From the simulations presented here, I’d go as far as saying there is no reason whatsoever to use read counting if you want gene counts and although I’ve not tested HTSeq, I have no reason to believe it should perform significantly better. From these simulations, it appears to be far better to use alignment-independent counting and aggregate to the gene level. Indeed, a recent paper by Soneson et al recommends exactly this.
Even more definitively, I see no reason not to use alignment-dependent methods to obtain transcript-level quantification estimates since the alignment-independent are considerably more accurate in the simulations here.

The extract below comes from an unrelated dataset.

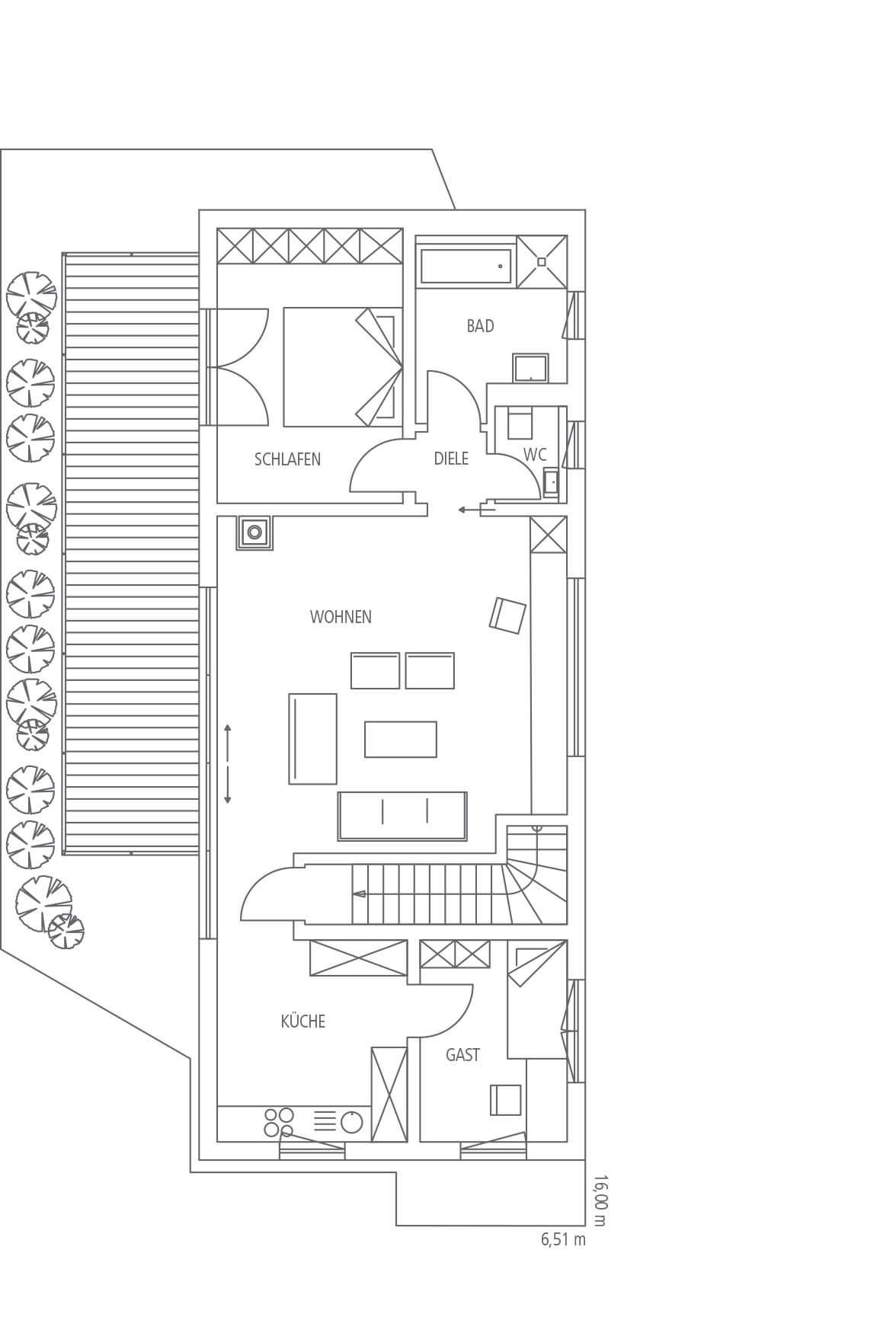 Im Erdgeschoss ist der Übergang zwischen Diele und Wohnzimmer als Split-Level realisiert. Über zwei Stufen tauchen die Bewohner förmlich ein in den Rückzugsbereich, lassen den Alltag hinter sich, finden Ruhe.

Of course, these tools rely upon having a reference transcriptome to work with which may require prior alignment to a reference genome where annotation is poor. However, once a suitable reference transcriptome has been obtained using cufflinks2, bayesassembler, trinity etc, it makes much more sense to switch to an alignment-independent method for the final quantification.
In addition to the higher accuracy for the point expression estimates, the alignment-independent tools also allow the user to bootstrap the expression estimates to get an estimate of the technical variability associated with the point estimate. As demonstrated in the sleuth package, the bootstraps can be integrated into the differential expression to partition variance into technical and biological variance.
The alignment-independent methods are very simple to integrate into existing workflows and run rapidly with a single thread and minimal memory requirements so there really is no barrier to their usage in place of read counting tools. I didn’t observe any significant difference between kallisto, salmon and sailfish so if you’re using just the one, you can feel confident sticking with it! Personally, I’ve completely stopped using featureCounts and use salmon for all my RNA-Seq analyses now.
[EDIT] : Following the comment from Ian Sudbery I decided to have a look at the accuracy of expression for transcripts which aren’t expressed(!)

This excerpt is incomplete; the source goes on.